A Saga is a sequence of local transactions. Each step updates one service’s database and publishes an event or message. If a step fails, the saga executes compensating transactions to undo the work done by previous steps.

Think of it like a coordinated series of reversible steps:

Step 1: Create Order      → success → trigger Step 2
Step 2: Reserve Inventory → success → trigger Step 3
Step 3: Charge Payment    → FAILURE → trigger Compensation
Compensation 2: Release Inventory
Compensation 1: Cancel Order

No global lock. No coordinator holding everything hostage. Just events and compensations.

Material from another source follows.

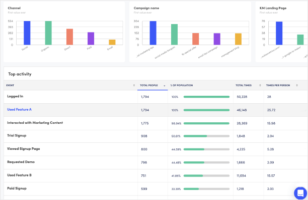 Kiss Metrics est un outil de suivi conçu spécifiquement pour analyser la manière dont vos utilisateurs convertissent sur votre domaine, en mettant l'accent sur la réduction du taux de désabonnement et l'augmentation de l'engagement par le biais de campagnes publicitaires sur les médias sociaux et de marketing par courriel.

Two Flavors: Choreography vs Orchestration

Choreography

Each service listens for events and reacts accordingly. There’s no central brain.

// OrderService
async function createOrder(orderData: OrderData) {
  const order = await db.orders.create({ ...orderData, status: 'PENDING' });
  await eventBus.publish('order.created', { orderId: order.id, items: order.items });
  return order;
}

// InventoryService listens to 'order.created'
eventBus.on('order.created', async ({ orderId, items }) => {
  const reserved = await reserveItems(items);
  if (reserved) {
    await eventBus.publish('inventory.reserved', { orderId });
  } else {
    await eventBus.publish('inventory.failed', { orderId });
  }
});

// PaymentService listens to 'inventory.reserved'
eventBus.on('inventory.reserved', async ({ orderId }) => {
  const order = await getOrder(orderId);
  const charged = await chargePayment(order.customerId, order.total);
  if (charged) {
    await eventBus.publish('payment.completed', { orderId });
  } else {
    await eventBus.publish('payment.failed', { orderId });
  }
});

// OrderService listens to compensating events
eventBus.on('payment.failed', async ({ orderId }) => {
  await db.orders.update(orderId, { status: 'CANCELLED' });
  await eventBus.publish('order.cancelled', { orderId });
});

// InventoryService listens to 'order.cancelled' to release stock
eventBus.on('order.cancelled', async ({ orderId }) => {
  await releaseReservedItems(orderId);
});

Pros: fully decoupled, no single point of failure
Cons: hard to track overall saga state, logic scattered across services

Orchestration

A central orchestrator tells each service what to do and handles failures.

class OrderSagaOrchestrator {
  async execute(orderData: OrderData): Promise<void> {
    let orderId: string | null = null;
    let inventoryReserved = false;

    try {
      // Step 1
      const order = await orderService.createOrder(orderData);
      orderId = order.id;

      // Step 2
      await inventoryService.reserve(order.items);
      inventoryReserved = true;

      // Step 3
      await paymentService.charge(order.customerId, order.total);

      // All good
      await orderService.confirm(orderId);
    } catch (error) {
      // Compensate in reverse order
      if (inventoryReserved) {
        await inventoryService.release(orderId!);
      }
      if (orderId) {
        await orderService.cancel(orderId);
      }
      throw error;
    }
  }
}

Pros: clear workflow, easy to track state, easier to debug
Cons: orchestrator becomes a dependency, slight coupling

Handling Idempotency

Since sagas rely on messaging (which can deliver events more than once), every step must be idempotent — running it twice should produce the same result.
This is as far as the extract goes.